Siebert H C, Adar R, Arango R, Burchert M, Kaltner H, Kayser G, Tajkhorshid E, von der Lieth C W, Kaptein R, Sharon N, Vliegenthart J F, Gabius H J
Institut für Physiologische Chemie, Tierärztliche Fakultät, Ludwig-Maximilians-Universität, München, Germany.
Eur J Biochem. 1997 Oct 1;249(1):27-38. doi: 10.1111/j.1432-1033.1997.00027.x.
For proteins in solution the validity of certain crystallographic parameters can be ascertained by a combination of molecular-dynamics (MD) simulations and NMR spectroscopy. Using the laser photo-CIDNP (chemically induced dynamic nuclear polarization) technique as a measure for surface accessibility of histidine, tyrosine and tryptophan, the spectra of bovine galectin-1 and Erythrina corallodendron lectin (EcorL) are readily reconcilable with the crystallographic data for these two proteins. The results emphasise the role of Trp68/Trp69 for carbohydrate binding in bovine galectin-1/chicken galectins and of Trp194 in murine galectin-3. This feature derived from the crystal structure of bovine galectin-1 is maintained in solution for the prototype human homologue, two avian galectins and the chimera-type murine galectin-3, as the spectra corroborate the CIDNP-inferable spatial parameters of the four calculated models for binding-site architecture. In EcorL, Tyr106/Tyr108 are constituents of the extended combining pocket, which can be shielded in solution by ligand presence. Discrepancies between results from modelling and CIDNP measurements concern primarily the lack of reactivity of histidine residues for human and avian prototype galectins and of Tyr82/Tyr229 of the plant lectin. Site-directed mutagenesis of EcorL is assumed to provide information on the role of a certain residue for functional aspects. When single-site mutants of EcorL ([Ala106]EcorL, [Ala108]EcorL, [Ala229]EcorL) were subjected to molecular-dynamics (MD) simulations, the apparent surface accessibilities even of spatially separated amino acid side chains could non-uniformly be affected. This conclusion is supported by the assessment of the spectra for the mutant proteins. On the basis of these CIDNP-results modelling of the binding-site architecture of the lectin indicates the occurrence of notable alterations in the orientation of Tyr106/Tyr108 phenyl rings. The implied potential effect of single-site mutations on conformational features of a protein will deserve attention for the interpretation of studies comparing wild-type and mutant proteins.

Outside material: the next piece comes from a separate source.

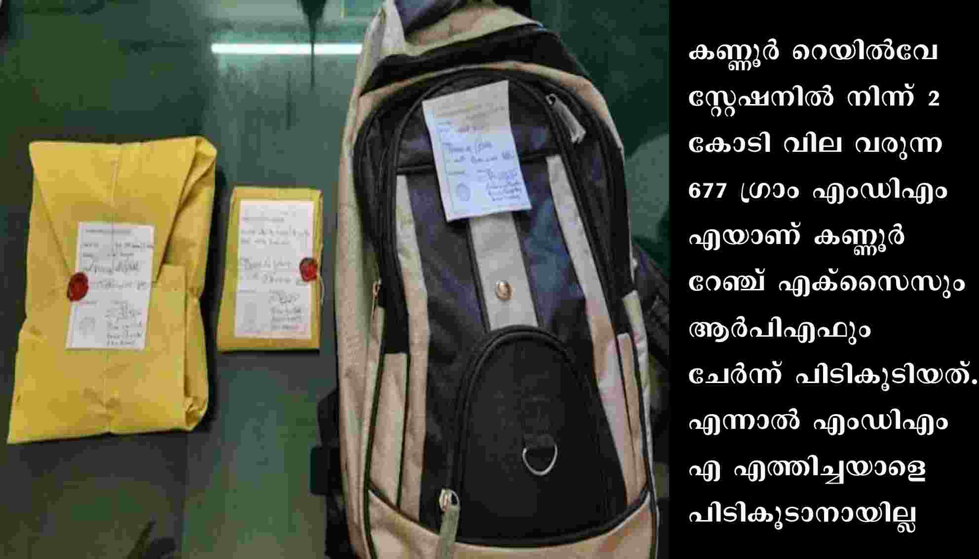 കണ്ണൂർ റെയിൽവേ സ്റ്റേഷനിൽ നിന്ന് രണ്ട് കോടി വില വരുന്ന 677 ഗ്രാം എംഡിഎംഎയാണ് കണ്ണൂർ റേഞ്ച് എക്സൈസും ആർപിഎഫും ചേർന്ന് പിടികൂടിയത്. എന്നാൽ എംഡിഎംഎ എത്തിച്ചയാളെ പിടികൂടാനായില്ല. ഇയാൾ ഓടി രക്ഷപ്പെട്ടു. ബെംഗളൂരുവിൽ നിന്ന് എത്തിയ ട്രെയിനിൽ നിന്നാണ് മയക്കുമരുന്ന് പിടിച്ചത്. പ്രതിയുടെ സിസിടിവി ദൃശ്യങ്ങൾ പൊലീസിന് ലഭിച്ചിട്ടുണ്ട്. ഇത് കേന്ദ്രീകരിച്ചായിരിക്കും ഇനി അന്വേഷണം. കഴിഞ്ഞ ദിവസവും കണ്ണൂർ റെയിൽവേ സ്റ്റേഷനിൽ നിന്ന് രണ്ട് കോടി രൂപ വില വരുന്ന എംഡിഎംഎയുമായി ഒരാൾ അറസ്റ്റിലായിരുന്നു.

对于溶液中的蛋白质,某些晶体学参数的有效性可以通过分子动力学(MD)模拟和核磁共振光谱相结合来确定。使用激光光化学诱导动态核极化(photo-CIDNP)技术来测量组氨酸、酪氨酸和色氨酸的表面可及性,牛半乳糖凝集素-1和刺桐凝集素(EcorL)的光谱很容易与这两种蛋白质的晶体学数据相吻合。结果强调了牛半乳糖凝集素-1/鸡半乳糖凝集素中Trp68/Trp69以及小鼠半乳糖凝集素-3中Trp194在碳水化合物结合中的作用。源自牛半乳糖凝集素-1晶体结构的这一特征在溶液中对于原型人类同源物、两种禽类半乳糖凝集素和嵌合型小鼠半乳糖凝集素-3得以保留,因为光谱证实了结合位点结构的四个计算模型中CIDNP可推断的空间参数。在EcorL中,Tyr106/Tyr108是扩展结合口袋的组成部分,在溶液中其可能会因配体的存在而被屏蔽。建模结果与CIDNP测量结果之间的差异主要涉及人类和禽类原型半乳糖凝集素中组氨酸残基以及植物凝集素中Tyr82/Tyr229缺乏反应性。假定对EcorL进行定点诱变可以提供有关特定残基在功能方面作用的信息。当EcorL的单点突变体([Ala106]EcorL、[Ala108]EcorL、[Ala229]EcorL)进行分子动力学(MD)模拟时,即使是空间上分离的氨基酸侧链的表观表面可及性也可能受到非均匀影响。这一结论得到了突变体蛋白质光谱评估的支持。基于这些CIDNP结果,对凝集素结合位点结构的建模表明Tyr106/Tyr108苯环的取向发生了显著变化。单点突变对蛋白质构象特征的潜在影响对于比较野生型和突变型蛋白质的研究解释值得关注。